Через полчаса Алим вернулся. И не один. На нижней присоске болтался очень крупный и весьма недовольный лабораторный осьминог-манипулятор.
— Потренируйся с ним, — Алим расслабил присоску и сбросил осьминога прямо на Орчака. — Рук-ков он, конечно, не заменит. Но все же…
Орчак никогда не работал с инструментами сложнее краба-секатора. Сесть на пятно испуганного осьминога без помощи рук-ков тоже оказалось не так-то просто. В общем, следующий час прошел в веселой возне. Орчак гонялся за манипулятором, подцеплял его на присоску, пытаясь угодить на контактное пятно, осьминог скручивался клубком и ускользал. А Алим, сидя на верхнем пятне Орчака, выкрикивал советы и удерживал рук-ки неутомимого в обтекателях. За этим занятием их и застали целительницы.
— Справа заходи! В угол зажимай! Привет, Иранья.
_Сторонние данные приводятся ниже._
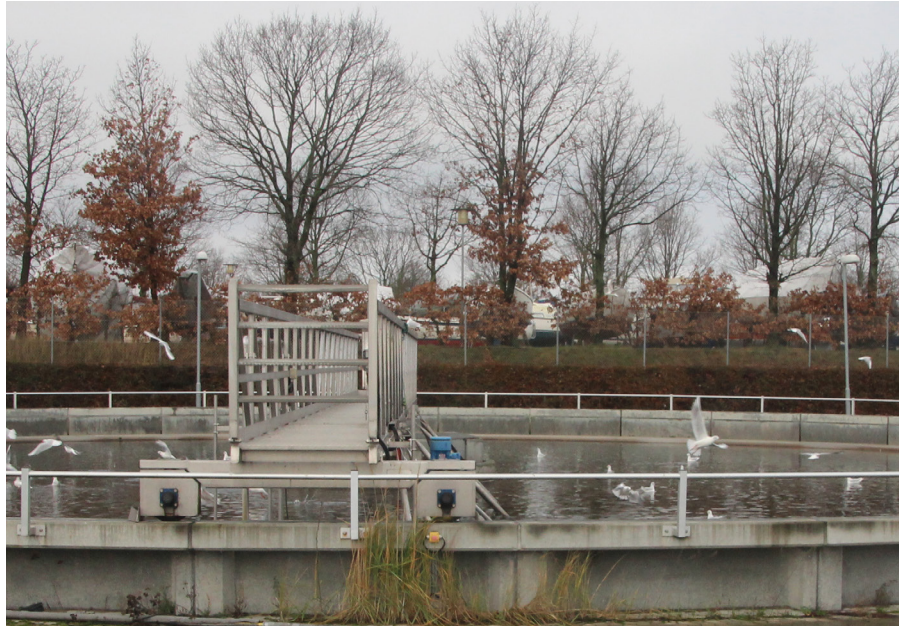
The Taarnby district energy plant is located in the outskirts of the Taarnby waste water treatment plant

The new Taarnby facility is located in an area close to Copenhagen Airport and has been operative since

— Виделись, — хмыкнула целительница. — Как думаешь, подруга, у них получится что-нибудь?
— Раздавят осьминожку… Или замучают. Самцы…
— Больной… Больно-о-ой! Перестань мучить самочку! Что вы с ней хотите сделать?
— Это самочка? — удивился Орчак. — Я хочу взять ее на присоску.
— Вот так? — Иранья выпростала рук-ки, пощекотала осьминожку и ловко посадила на свою нижнюю присоску. — Не бойся, милая. Эти два бездельника вовсе не хотели тебя съесть.
Ее напарница тем временем начала сооружать осьминожье гнездо в углу хома.
— Иранья, ты объясни ей, чтоб от меня не убегала, — пожаловался Орчак.
— Сам объяснишь. А теперь — на массажный стол.
Орчак расположился на камне, покрытом губкой, а Алим незаметно ускользнул. Нужно будет объяснить Амбузии, куда делся из ее лаборатории самый крупный манипулятор. Ворчать начнет…
Алим выписал из центрального госпиталя лучшего нейрокорректора. Светило мирового масштаба. О светиле ходили противоречивые слухи. Говорили, именно оно организовало госпиталь много-много лет назад, говорили, термин «нейрокорректор» оно выдумало само, так как слово «целитель» ему не нравилось. От «целителя» шарлатанством веет. Светило оказалось недавно омолодившимся неутомимым.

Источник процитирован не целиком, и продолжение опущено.